Southern Korea can best be described as a powder keg ready to explode at the application of a spark. It was recently discovered that from the beginning the Korean translation of the term “in due course” in the Cairo Declaration has been the equivalent of “in a few days” or “very soon”, and well-educated Koreans expressed surprise when the difference was pointed out to them. Hence the Koreans did not understand why they were not given complete independence soon after the arrival of American troops. There is great disappointment that immediate independence and sweeping out of the Japanese did not eventuate.

Although the hatred of the Koreans for the Japanese is unbelievably bitter, it is not thought that they will resort to violence as long as American troops are in surveillance.

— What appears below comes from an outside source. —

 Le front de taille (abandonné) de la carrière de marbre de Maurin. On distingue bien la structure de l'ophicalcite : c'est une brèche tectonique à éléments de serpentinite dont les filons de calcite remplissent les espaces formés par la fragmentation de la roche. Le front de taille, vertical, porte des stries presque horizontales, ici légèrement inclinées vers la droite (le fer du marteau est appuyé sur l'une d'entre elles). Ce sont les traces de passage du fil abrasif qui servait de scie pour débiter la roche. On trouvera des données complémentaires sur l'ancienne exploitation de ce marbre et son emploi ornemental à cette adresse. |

The removal of Japanese officials is desirable from the public opinion standpoint but difficult to bring about for some time. They can be relieved in name but must be made to continue work. There are no qualified Koreans for other than the low-ranking positions, either in government or in public utilities and communications. Furthermore, such Koreans as have achieved high rank under the Japanese are considered pro-Japanese and are hated almost as much as their masters. The two most difficult problems at present are: The Koreans continue [Page 1050]to be subject to Japanese orders, and conditions in the police department and among the rank and file of the police are bad. It is believed that the removal of the Governor General and the Director of the Police Bureau, both Japanese, accompanied by wholesale replacements of police personnel in the Seoul area will mollify irate Koreans even though the government itself is not strengthened thereby.

There are an unknown number of political parties and groups in Korea, many of which have mushroomed since the Japanese surrender was announced. The long period of oppression and the difficulty of underground activity have prevented the formation of clear-cut political groups. On September 12, General Hodge spoke to representatives of political groups on the basis of two persons from each group. More than twelve hundred attended the meeting. All groups seem to have the common ideas of seizing Japanese property, ejecting the Japanese from Korea, and achieving immediate independence. Beyond this they have few ideas.

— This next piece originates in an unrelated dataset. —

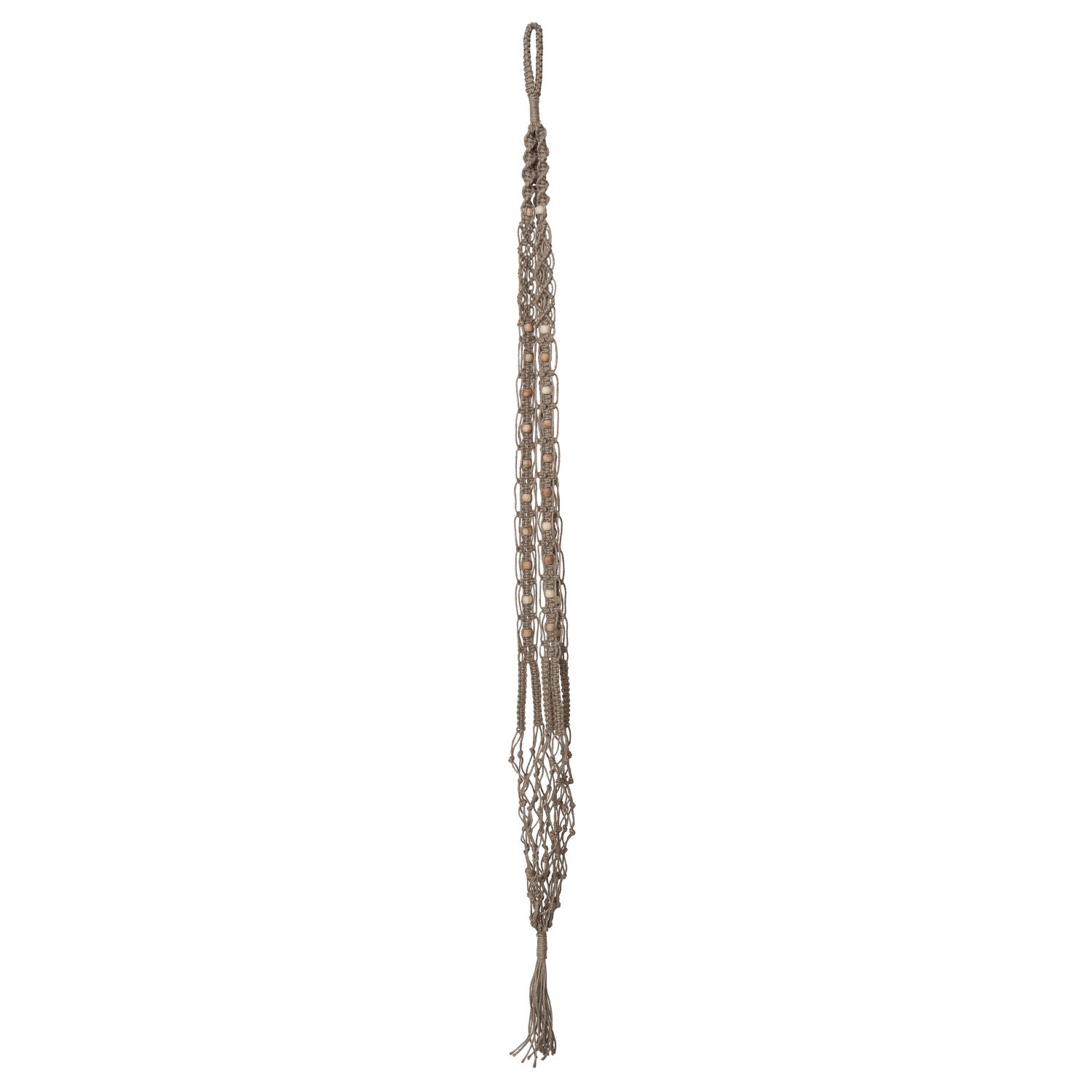 Catalog Name: 8" Round x 48"H Jute Macrame Plant Hanger w/ Wood Beads & Tassel, Natural

Almost all Koreans have been on a prolonged holiday since August 15. To them independence apparently means freedom from work; no thought is given to the future, “the Lord will provide”. There has been no show of industry in this area since our arrival and no interest in returning to normal pursuits. General Hodge and others have constantly stressed the necessity for Koreans to stay on the job and to build up their own country, but they find it difficult to reconcile this idea with the fact that the Japanese still own or control most business and industrial establishments. Korea is completely ripe for agitators.

The most encouraging single factor in the political situation is the presence in Seoul of several hundred conservatives among the older and better educated Koreans. Although many of them have served with the Japanese, that stigma ought eventually to disappear. Such persons favor the return of the “Provisional Government” and although they may not constitute a majority they are probably the largest single group.

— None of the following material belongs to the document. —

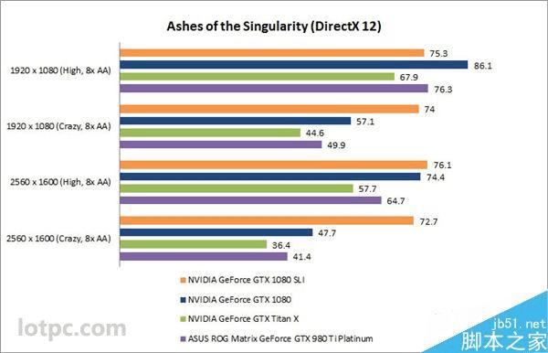 《奇点灰烬》的测试结果可以明显看出,现在的GTX 1080 SLI驱动对DX12游戏支持还很不友好,1920x1080分辨率下、高画质下,双卡甚至还跑不过单卡,直到2K分辨率疯狂画质、8x AA,双卡较单卡才有52.4%提升。

The monetary system is still a questionmark. The few investigators available to USAFIK are endeavoring to ascertain conditions and present indications are that inflation is underway and may not be controllable. The circulation of Bank of Chosen notes increased from about 3.5 billion yen in March to 7.5 billion yen on September 12. The result has been that wages and prices have skyrocketed beyond immediate control. Labor costs about thirty yen a day, and other prices are similarly high. Although USAFIK was directed to peg prices at the August 15 level, this will be difficult to accomplish and will only strengthen the already well-established black market.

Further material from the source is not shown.